Кейт Бернхаймер - Мать извела меня, папа сожрал меня. Сказки на новый лад
В этом ящике ей преподан последний урок: натура ее — смиренная, щедрая и добрая — не обеспечивает интереса или сострадания. У нее одна надежда: ее кошмарное состояние может обернуться какой-нибудь непредвиденной удачей. Из этого что-то может получиться; неисповедимы пути мира. Что-то… осмелится ли она вообразить! Чудное. (Так и песик сказал, воздев повыше хвостик, глаза что два блюдца, в каждом по яйцу с черным желтком. «Погоди! Погоди! Что-то чудное грядет!»)
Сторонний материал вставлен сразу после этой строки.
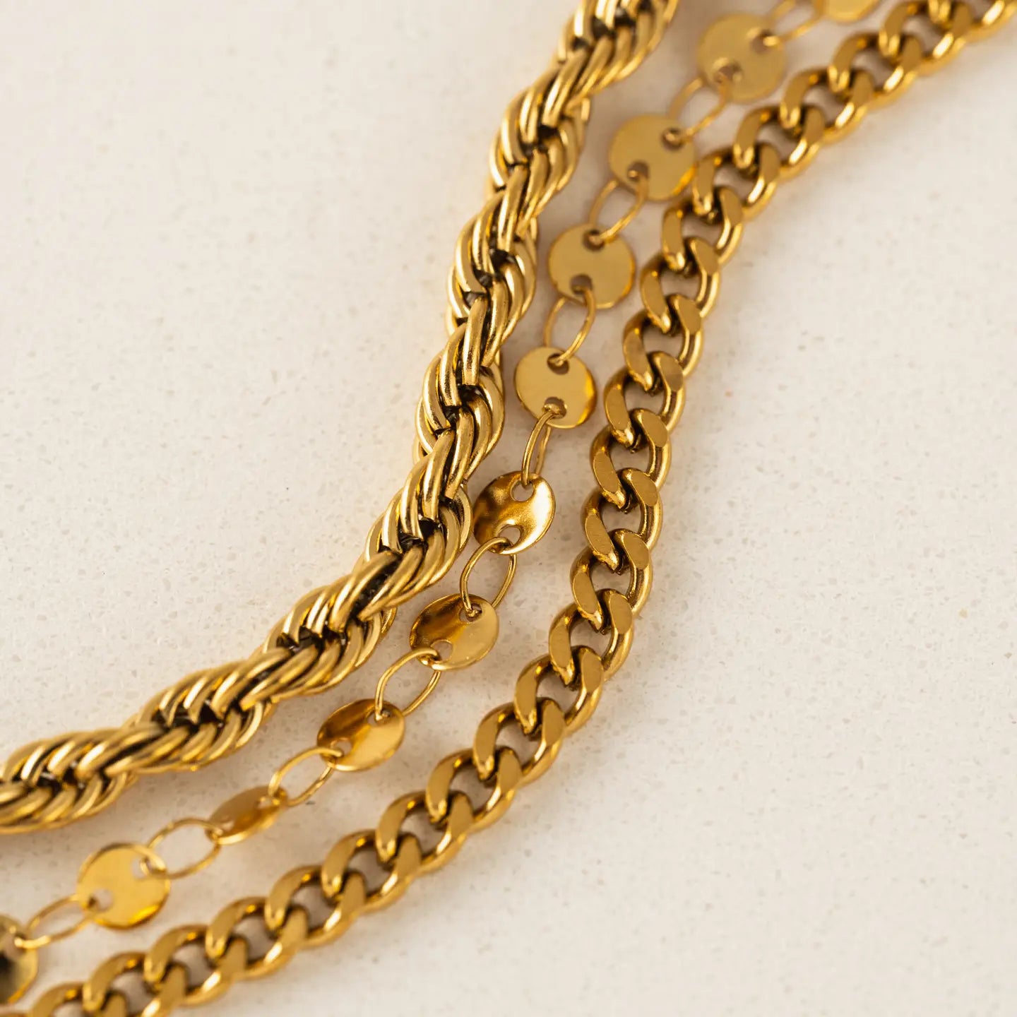 Designed to make everyday styling feel intentional, the Reef Layered Bracelet brings depth and confidence to the wrist with its stacked silhouette that feels bold yet effortless. The Reef Layered Bracelet is a link and chain bracelet crafted from stainless steel and finished with durable 18K gold PVD. Its layered construction creates the look of multiple bracelets in one, offering instant impact while remaining comfortable for daily wear. Perfect as an everyday bracelet for customers who want the visual interest of layered bangles and chain bracelets without the hassle of stacking. Key Features: * Multi-chain layered design for a bold, stacked look * 18K gold PVD coating for long-lasting shine * Lightweight feel despite its dimensional appearance * Adjustable length for a customized fit

Только в ящике все и могло закончиться, ибо в нем и началось. Вернее, если совсем точно, там наткнулась она на артефакты, что вынудили ее призадуматься: что-то и впрямь происходит — и не только у нее в голове, учтите! Что свадьба, так в новинку! Едва-едва! Тело предыдущей жены еще не остыло! — было фикцией. И ящик — как все, что принадлежит мужьям, — был строгим табу. Как и его карманы, хранившие мелкое серебро и ключи: табу! Но потом однажды, с приятностью погрузившись в невинность своей супружеской работы, когда весь дом был затоплен светом, она почуяла, как ее влечет к тому самому ящику, в коем ныне она прозябает.
А все песик, понимаете, прежде вечно столь необъяснимо тихий, — вдруг поднял такой лай во всю глотку, все звал и звал ее: «Иди погляди!» Упорствовал: «Иди! Сюда! Погляди-ка!» Тут-то оно и происходит.
Она подходит к комоду, а сердце колотится, не только из-за того, что ее грядущее деянье запрещено, а и потому, что обнаруженное ею все изменит.
Коробка золотых колец. Его острые карандаши и ручки. Мелкие латунные инструменты, с которыми он ориентируется на улицах. Коробок спичек — его она машинально кладет в карман. И еще находит палочки, чтобы его воротнички стояли жестко. (Поразительно, до чего стариком он подымается по утрам, страдая опустошением рассудка, как будто ночью своими глазами видел весь ужас мира, а то и сам в нем участвовал, просто-напросто заходит в душ, в свою гардеробную и тем преобразуется в принца. Яркоглазый, встает из-за стола по утрам с мускулистой львиной грацией, услаждая ее разум томленьем на весь день, а солнце меж тем восходит и опускается в небесах, что все глубже.)
Ах? Но что это может быть? В недрах ящика она отыскивает две книжечки, уже расклеились и перемотаны бечевкой. «Ты нашла нас! — щебечут они так пронзительно, что она вздрагивает. — Самое время! Самое время!» Взмахнув обложками, они влетают прямо ей в руки. И песик гарцует на задних лапах — и тоже восклицает: «Самое Время! Самое Время!» Развязать бечевку очень трудно, так у нее трясутся руки.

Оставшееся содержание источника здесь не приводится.